Golang Developers: Golang developers, on the other hand, tend to excel in performance-focused environments. The best Golang hires are those who have experience working on large, scalable systems and know how to write efficient, clean code. Hiring Golang developers with experience in microservices, cloud infrastructure, or real-time applications can make a huge difference, especially when you’re building systems that need to handle a lot of concurrent operations.
In my view, the language you choose should match your business goals, but hiring the right developers for that language is what will ultimately determine your success.
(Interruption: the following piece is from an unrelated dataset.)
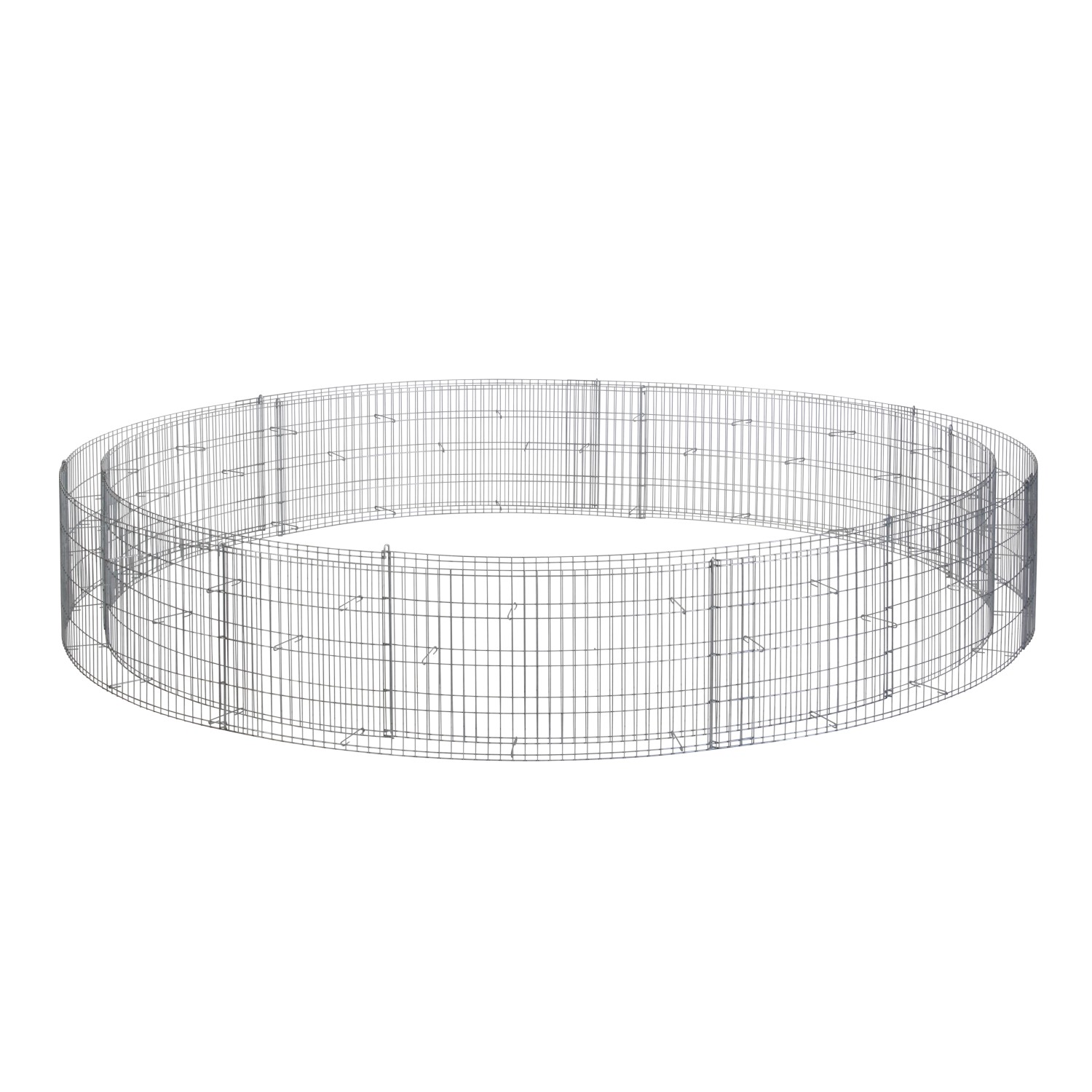 Der Aufbau des Gabionenbeets erfolgt in wenigen, unkomplizierten Schritten. Stellen Sie die Gitter einfach zusammen und drehen die Spiralverbindungen ein. Abschließend hängen Sie die Abstandhalter ein und der Gitterkorb ist bereit zur Befüllung. Durch eine Gitterüberlappung können Sie auch den Durchmesser leicht verkleinern oder das Hochbeet für noch mehr Nutzfläche mit weiteren Gittern erweitern. Dank der Verarbeitung aus verzinktem Zink-Aluminium sind die Gitter rostfrei und anders als Hochbeete aus Holz vor Wasserschäden geschützt.

Conclusion: My thoughts on Python vs Golang
The choice between Python and Golang really depends on what your business is trying to achieve. If you’re working on AI, data science, or any project where flexibility and speed to market are key, Python should be your priority. But if you’re building systems that need to scale, handle high concurrency, or minimize latency, Golang is the way to go.
At the end of the day, it’s not just about the language—it’s about finding the right talent that can use the language to push your project forward. I’ve seen how the right Python or Golang developers can transform a project, helping companies scale and innovate faster. Whatever language you choose, make sure your hires align with your goals, and you’ll be set up for success.